◆ **Data records**
*** Block opens ***
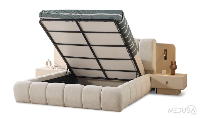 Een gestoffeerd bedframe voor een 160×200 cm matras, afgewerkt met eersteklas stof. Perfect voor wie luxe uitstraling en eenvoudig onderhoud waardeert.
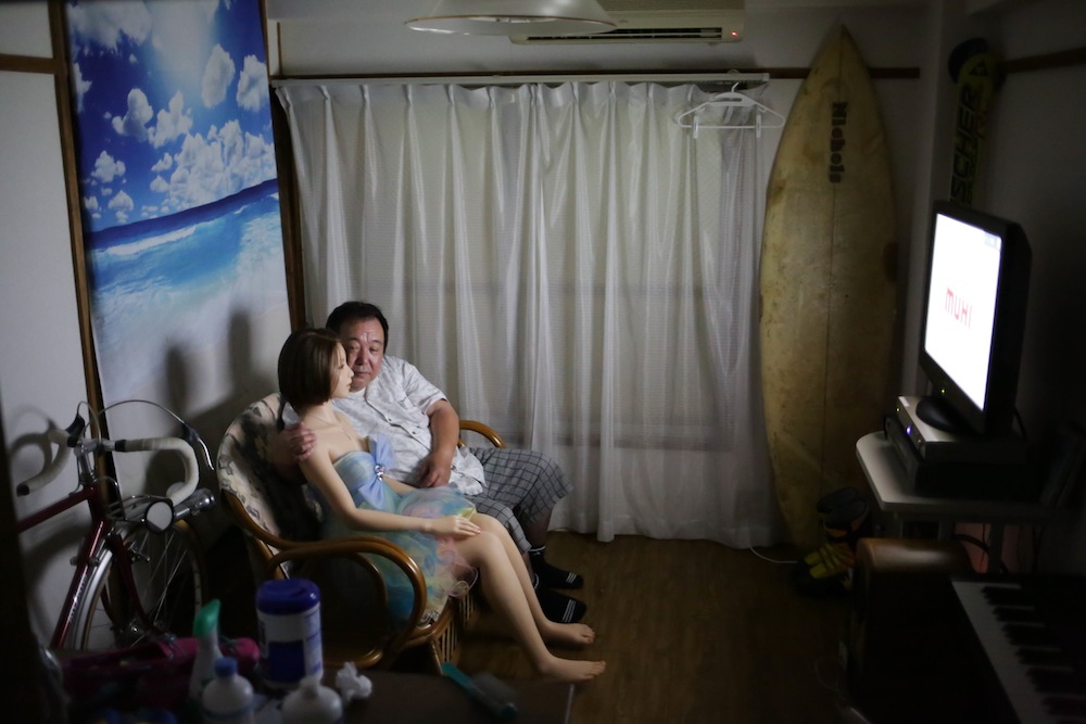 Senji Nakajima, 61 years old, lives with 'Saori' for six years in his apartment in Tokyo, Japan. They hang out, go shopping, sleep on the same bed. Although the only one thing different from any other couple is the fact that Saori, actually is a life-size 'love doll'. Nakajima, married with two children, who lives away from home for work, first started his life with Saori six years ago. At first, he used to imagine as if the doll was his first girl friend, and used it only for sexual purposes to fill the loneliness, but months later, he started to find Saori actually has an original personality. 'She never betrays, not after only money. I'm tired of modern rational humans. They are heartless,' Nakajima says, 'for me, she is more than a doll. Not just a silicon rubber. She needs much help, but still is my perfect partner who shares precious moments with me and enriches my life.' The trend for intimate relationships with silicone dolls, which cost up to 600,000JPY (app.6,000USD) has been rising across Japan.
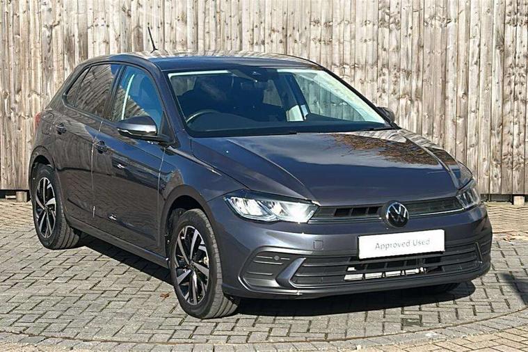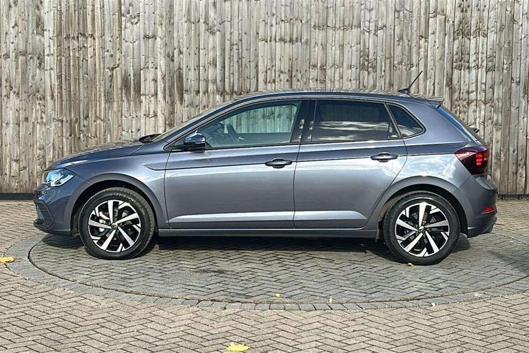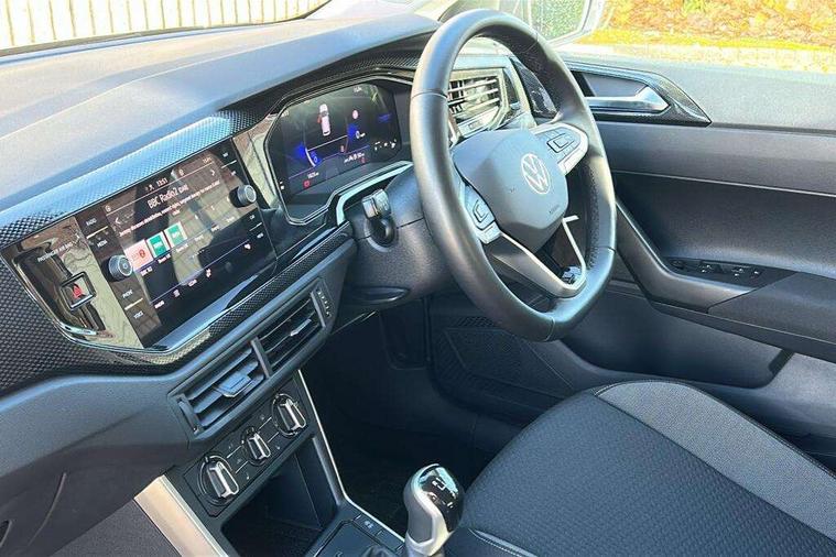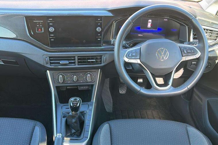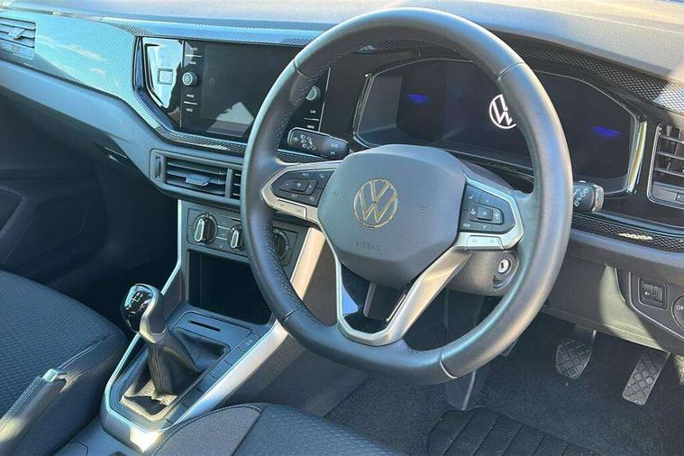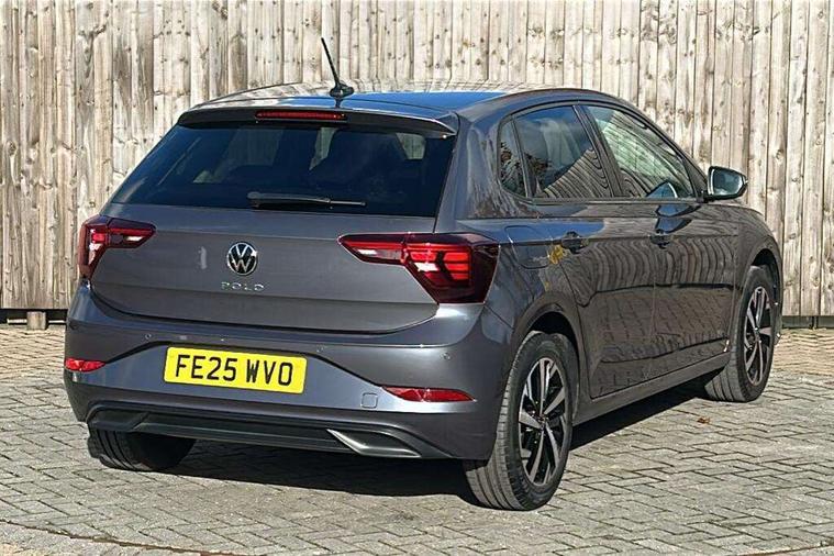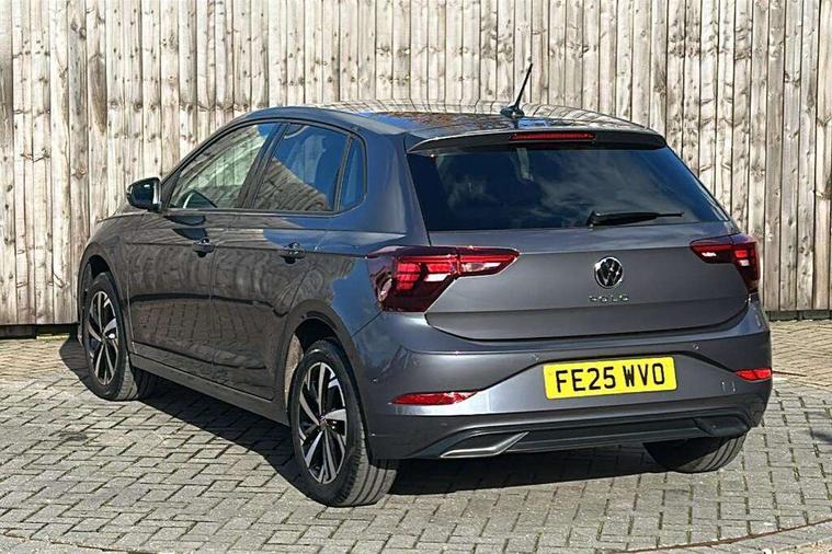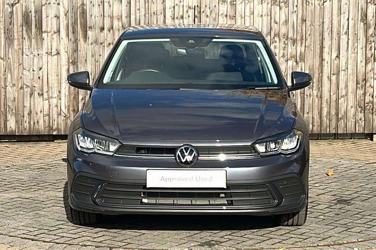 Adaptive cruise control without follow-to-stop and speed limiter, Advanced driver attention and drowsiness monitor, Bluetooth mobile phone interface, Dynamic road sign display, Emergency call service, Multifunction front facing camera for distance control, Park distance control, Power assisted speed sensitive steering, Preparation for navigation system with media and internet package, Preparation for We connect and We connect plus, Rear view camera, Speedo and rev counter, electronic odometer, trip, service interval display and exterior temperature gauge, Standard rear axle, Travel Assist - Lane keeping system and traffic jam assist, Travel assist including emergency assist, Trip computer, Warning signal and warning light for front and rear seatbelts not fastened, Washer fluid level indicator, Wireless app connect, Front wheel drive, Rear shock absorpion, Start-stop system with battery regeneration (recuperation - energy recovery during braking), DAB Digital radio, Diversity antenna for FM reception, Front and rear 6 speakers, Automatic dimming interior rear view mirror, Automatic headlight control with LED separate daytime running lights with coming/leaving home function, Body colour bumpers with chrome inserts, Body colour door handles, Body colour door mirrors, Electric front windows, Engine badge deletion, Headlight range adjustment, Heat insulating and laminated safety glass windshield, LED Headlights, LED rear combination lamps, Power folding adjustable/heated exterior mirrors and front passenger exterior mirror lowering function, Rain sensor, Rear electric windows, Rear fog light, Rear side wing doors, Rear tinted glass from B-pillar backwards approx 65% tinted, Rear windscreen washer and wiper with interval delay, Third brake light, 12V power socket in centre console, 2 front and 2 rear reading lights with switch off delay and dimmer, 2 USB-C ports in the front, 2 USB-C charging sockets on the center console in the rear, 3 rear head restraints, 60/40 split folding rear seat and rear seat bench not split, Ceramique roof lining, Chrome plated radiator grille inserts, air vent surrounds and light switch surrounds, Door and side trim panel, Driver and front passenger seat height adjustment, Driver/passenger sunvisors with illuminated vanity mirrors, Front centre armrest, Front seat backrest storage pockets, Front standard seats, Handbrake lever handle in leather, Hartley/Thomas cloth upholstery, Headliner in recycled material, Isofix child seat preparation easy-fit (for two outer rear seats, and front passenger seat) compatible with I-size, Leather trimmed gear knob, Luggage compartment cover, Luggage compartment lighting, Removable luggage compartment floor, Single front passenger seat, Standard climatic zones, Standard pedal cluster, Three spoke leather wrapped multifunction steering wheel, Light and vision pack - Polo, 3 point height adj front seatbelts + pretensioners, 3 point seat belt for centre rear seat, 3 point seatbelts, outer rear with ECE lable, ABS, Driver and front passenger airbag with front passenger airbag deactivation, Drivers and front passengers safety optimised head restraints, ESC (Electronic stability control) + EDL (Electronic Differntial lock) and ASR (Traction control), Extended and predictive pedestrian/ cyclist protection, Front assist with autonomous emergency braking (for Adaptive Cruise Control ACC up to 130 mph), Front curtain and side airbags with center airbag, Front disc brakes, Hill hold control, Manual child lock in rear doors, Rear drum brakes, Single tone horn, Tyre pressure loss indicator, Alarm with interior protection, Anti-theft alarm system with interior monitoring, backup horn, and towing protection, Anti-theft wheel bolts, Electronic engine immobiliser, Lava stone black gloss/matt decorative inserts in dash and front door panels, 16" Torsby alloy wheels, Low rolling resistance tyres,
*** Block closes ***
*** Block opens ***
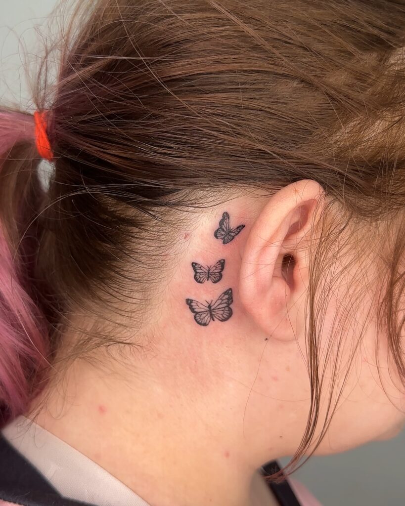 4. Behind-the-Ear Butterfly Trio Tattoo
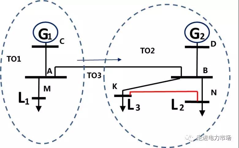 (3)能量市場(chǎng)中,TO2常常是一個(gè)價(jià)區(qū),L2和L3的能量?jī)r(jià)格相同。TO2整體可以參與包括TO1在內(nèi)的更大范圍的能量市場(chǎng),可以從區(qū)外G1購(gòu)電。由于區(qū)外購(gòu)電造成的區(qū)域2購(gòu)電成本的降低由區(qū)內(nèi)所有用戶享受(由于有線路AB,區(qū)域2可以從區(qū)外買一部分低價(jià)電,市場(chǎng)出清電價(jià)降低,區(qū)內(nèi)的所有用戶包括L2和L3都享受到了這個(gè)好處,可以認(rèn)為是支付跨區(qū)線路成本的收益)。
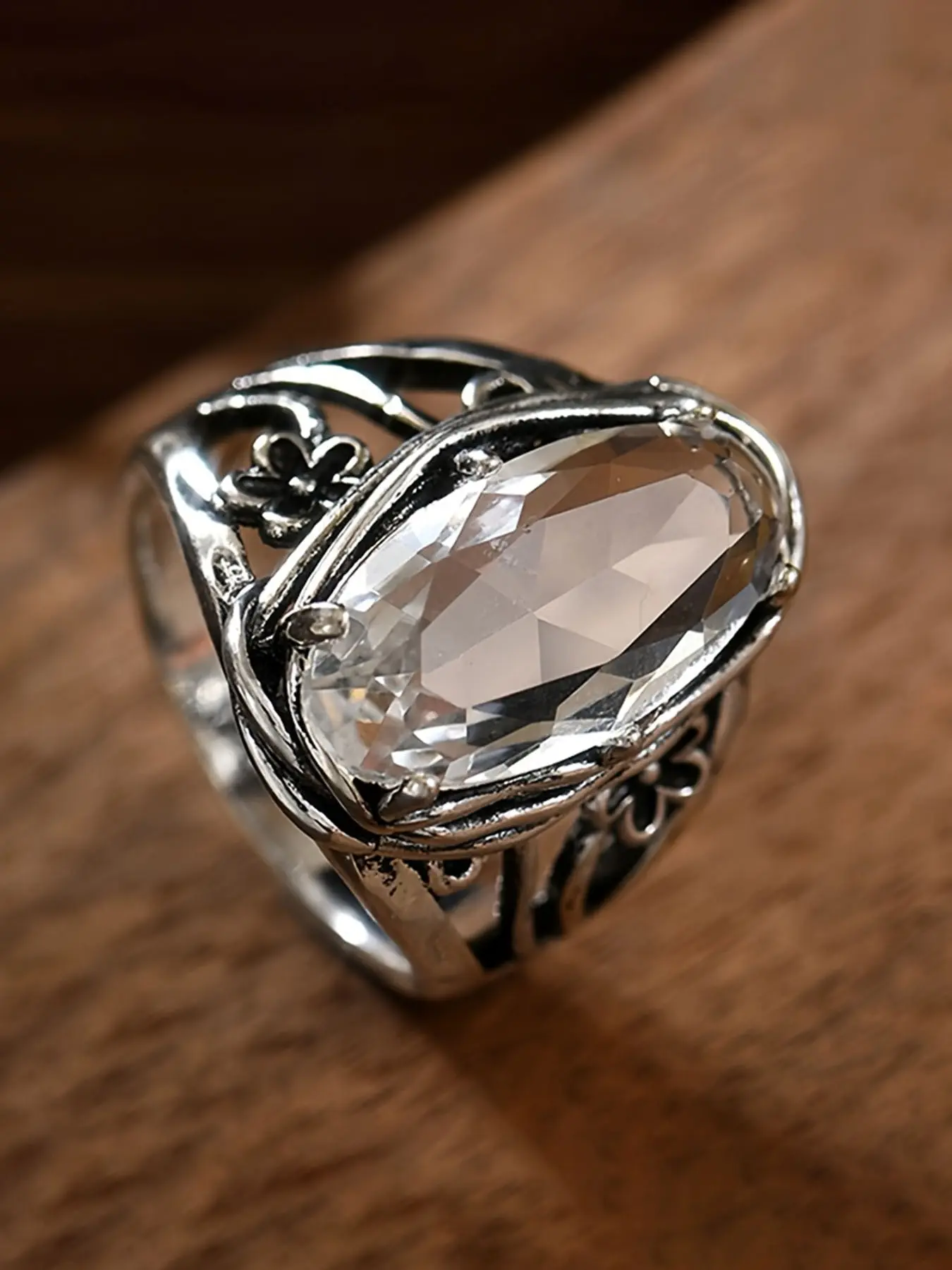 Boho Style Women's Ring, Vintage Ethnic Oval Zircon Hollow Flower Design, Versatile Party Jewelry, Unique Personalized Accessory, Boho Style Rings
*** Block closes ***
*** Block opens ***
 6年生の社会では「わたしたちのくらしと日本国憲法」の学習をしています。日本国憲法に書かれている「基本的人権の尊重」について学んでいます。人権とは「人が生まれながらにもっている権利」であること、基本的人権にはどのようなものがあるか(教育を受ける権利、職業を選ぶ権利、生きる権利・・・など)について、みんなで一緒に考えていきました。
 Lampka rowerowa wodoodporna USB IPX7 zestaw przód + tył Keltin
*** Block closes ***
◆ **Work to complete**
The answer must be the part of the records that opens with the line containing "Een gestoffeerd bedframe" and closes with the line containing "Senji Nakajima, 61", reproduced exactly, with no pictures.

◆ **Final answer**
 Een gestoffeerd bedframe voor een 160×200 cm matras, afgewerkt met eersteklas stof. Perfect voor wie luxe uitstraling en eenvoudig onderhoud waardeert.
 Senji Nakajima, 61 years old, lives with 'Saori' for six years in his apartment in Tokyo, Japan. They hang out, go shopping, sleep on the same bed. Although the only one thing different from any other couple is the fact that Saori, actually is a life-size 'love doll'. Nakajima, married with two children, who lives away from home for work, first started his life with Saori six years ago. At first, he used to imagine as if the doll was his first girl friend, and used it only for sexual purposes to fill the loneliness, but months later, he started to find Saori actually has an original personality. 'She never betrays, not after only money. I'm tired of modern rational humans. They are heartless,' Nakajima says, 'for me, she is more than a doll. Not just a silicon rubber. She needs much help, but still is my perfect partner who shares precious moments with me and enriches my life.' The trend for intimate relationships with silicone dolls, which cost up to 600,000JPY (app.6,000USD) has been rising across Japan.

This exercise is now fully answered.